Monday, May 12, 2014

Re: "set ttym=" on slackware

(Can I post to vim_dev? I'm not subscribed. Let's find out.)
Christian Brabandt replied to me:
>> $ ex ~/.vimrc
>> "~/.vimrc" 14L, 212C
>> Entering Ex mode. Type "visual" to go to Normal mode.
>> :^[[>41;297;0c
>> The ^[ is an escape. This looks like an attempt by vim to send a
...
> That is the xterm version string. I am not sure what happens and I don't
> know the code good enough. At a quick glance at term.c it looks like
...
> You might want to enable debugging in term.c and see, if the log can
> help you figuring out what was wrong.

I did just that today, after failing to find a distro built vim for
which would not reproduce the bug in the most stripped down form (no
user dot files and "-c 'set ttym='").

What I've learned:

0) I can compile vim 7.1, 7.1, and 7.2, but they all die on startup.

1) With vim7.3, unpatched source, it occurs with
configure --with-features=huge ---disable-gui
configure --with-features=big ---disable-gui
but not
configure --with-features=normal ---disable-gui

2) It doesn't happen with
vim -u NORC -c 'set ttym='

It doesn't happen after
root# chmod 000 /usr/share/vim/vimrc
user$ mv ~/.vimrc ~/.vimrc.hold
user$ vim -c 'set ttym='

But if I have no system vimrc a user vimrc of just "set ttym="
then it will happen. I haven't tried "set ttym=" in the system
vimrc.

3) With strace, I see that it happens after ~/.viminfo is read the
second time. (Deleting ~/.viminfo doesn't change the behavior.)
Simplifed the trace looks like:

execve("/usr/bin/vim", ["vim", "-c", "set ttym=",
"/home/testuser/.vimrc"], [/* 46 vars */]) = 0
[much happens ...]

write(1, " 1L, 10C", 8) = 8
open("/home/testuser/.viminfo", O_RDONLY|O_LARGEFILE) = 3
fstat64(3, ...}) = 0
mmap2(NULL, 4096, ...) = 0xb76cc000
read(3, "# This viminfo file was generate"..., 4096) = 4096
[multiple reads omited...]
close(3) = 0
munmap(0xb76cc000, 4096) = 0
select(1, [0], NULL, [0], {0, 0}) = 0 (Timeout)
select(1, [0], NULL, [0], {0, 0}) = 0 (Timeout)
select(1, [0], NULL, [0], {0, 0}) = 0 (Timeout)
getcwd("/tmp/vim-tests", 4096) = 15
ioctl(1, SNDCTL_TMR_TIMEBASE ...}) = 0
ioctl(0, SNDCTL_TMR_TIMEBASE ...}) = 0
write(1, "\33[>c", 4) = 4
select(1, [0], NULL, [0], {0, 0}) = 1 (in [0], left {0, 0})
read(0, "\33[>41;297;0c", 4096) = 12
select(1, [0], NULL, [0], {0, 0}) = 0 (Timeout)
select(1, [0], NULL, [0], {0, 0}) = 0 (Timeout)
select(1, [0], NULL, [0], {0, 0}) = 0 (Timeout)
write(1, "\33[1;1Hset sw=72\r\n\33[1m\33[34m~ "..., 1944) = 1944

That's vim writing the size of the file out (" 1L, 10C"), opening
and reading viminfo, checking the working directory for about the
15th time, setting some tty ioctl()s, then it writes an escape
sequence ("\33[>c"), detects (with select()) there is a response and
reads that response in ("\33[>41;297;0c"), checks a few more times
for input and then writes the file on the screen for the first time.

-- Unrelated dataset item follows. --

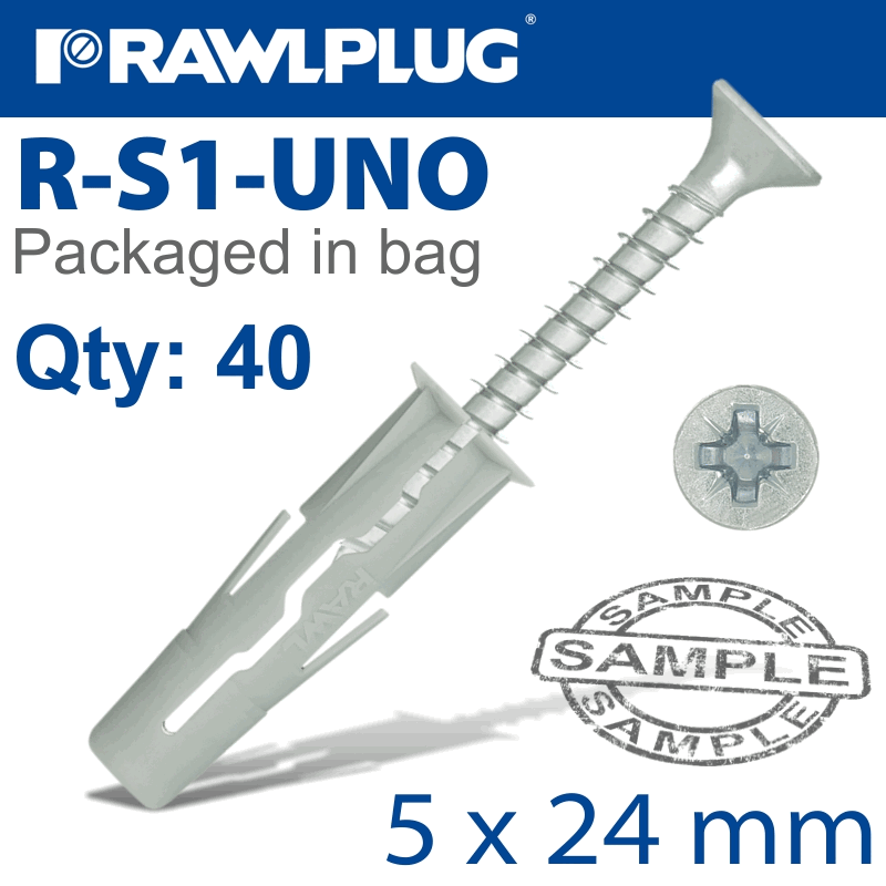 RAWLPLUG Universal Plug With Screw 5X24Mm 40 Per Bag

The escape sequence "\33[>c" apparently prompts xterm to reply with
a version escape sequence, which is read but not processed as a
terminal response, and is instead treated as user input.

I have not yet pinned down what function is sending that escape
sequence. In my observations, .viminfo is read three times and written
once. As mentioned, if .viminfo is missing the same actions occur,
except that the open(...viminfo...) fails and the contents are not
read, but this still happens after the second attempt to open it, with
the same interleaves of write(1...), select(), and read(0...).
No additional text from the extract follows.